1.5 > Demande en mariage

 Année de la Chèvre d'Eau.

 2063.

Tanya.

Le rendez-vous à l'agence s'est bien passé. Du moins c'est l'impression qu'a eue Tanya, car en fait, elle n'a pas compris grand-chose de ce que l'agent artistique racontait. Jusqu'ici, c'était Red qui l'accompagnait pour ce genre d'entretiens. C'est la première fois qu'elle y va avec Patrick. La conversation a été plus paisible. Plus posée. Paradoxalement : plus complexe. Le magicien est négociateur habile. Très habile. Là où Red aurait quémandé des explications floues, se mettant en position de faiblesse, lui pointe du doigt les moindres détails, exige en souriant et visualise parfaitement. Il fait le fort. Celui qui a des cartes en main. Il joue tellement bien le rôle qu'elle y a cru. Ce n'est qu'en sortant qu'elle a compris que dans cette lutte pour un contrat, il avait très nettement le dessous. Il n'a rien dit. Pas un mot. Elle l'a su en le regardant. Ses yeux brillaient comme un mélange de feu et de glace. Son visage était figé dans l'expression qu'il affiche sur scène. Sa nuque raide, pour ne pas courber. Aux quelques questions qu'elle a posées, il a répondu qu'il lui expliquerait plus tard. Elle le sent non seulement contrarié mais humilié.

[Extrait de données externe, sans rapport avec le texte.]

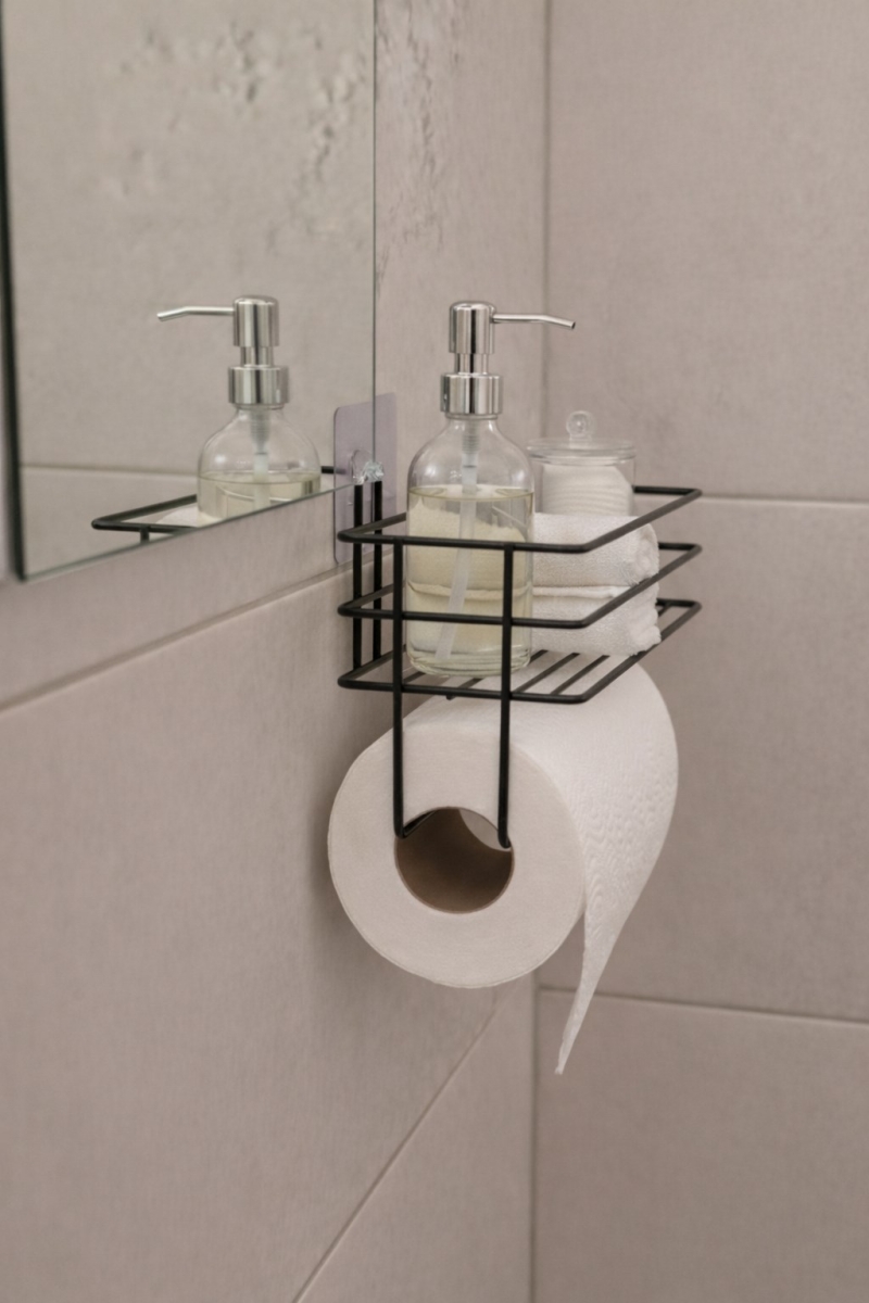 Banyonuzda ya da mutfağınızda ekstra yer açmak için tasarlanan Siyah yapışkanlı raflı kağıt rulo havluluk ve peçetelik, güçlü yapışkanı sayesinde delme veya vidalama gerektirmeden kolayca monte edilir. Modern ve pratik tasarımıyla dağınıklığı toplar, düzeni sağlar.

Le tramway aérien est bondé. Au moins, ce wagon est propre. Impossible de s'y asseoir, pourtant, et la foule est remplie d'individus bizarres. Les employés de bureau sont presque plus effrayants que les voyous des bas quartiers. Quand ils prennent ce genre de transports, les gens des secteurs déshérités se tiennent plutôt bien. Ce doit être leur navette vers les autres mondes, vers là où il fait mieux vivre. Là où les magasins contiennent des marchandises. Bousculée par une grosse dame en tailleur strict, Tanya manque se faire piétiner. Tandis que Patrick la relève, trois loubards alourdis chacun de deux sacs remplis de nutriboites prennent l'agresseuse à partie. Elle piaille « au secours ». Ils ricanent des moqueries insultantes. Un quatrième individu arrache un homme à son siège et fait signe à Patrick d'y déposer sa compagne. Le jeune homme remercie poliment les étranges créatures au faciès bariolé de maquillage et aux ceintures alourdies de chaînes et de morceaux de ferraille. L'un de ces êtres conseille « de ne pas laisser amocher la jolie poupée », avec un ton qui pourrait amorcer le grivois. Un autre lui écrase le pied férocement, parce qu'il trouve que le couple a l'air tout droit sorti d'un film romance et qu'il ne faut pas les emmerder. Un troisième, qui a l'air d'un chef, approuve le romantisme, et comme la grosse dame a commis l'erreur de brailler que ce n'est pas la peine de faire semblant de posséder du savoir-vivre, lui colle une baffe et susurre qu'une bourge friquée comme elle devrait voyager en wagon première classe, plutôt que bousculer les gens en troisième. Un acolyte propose de la délester de ses bijoux. Il interdit, à cause de la vidéosurveillance qui, sur cette ligne, a été réparée la semaine dernière.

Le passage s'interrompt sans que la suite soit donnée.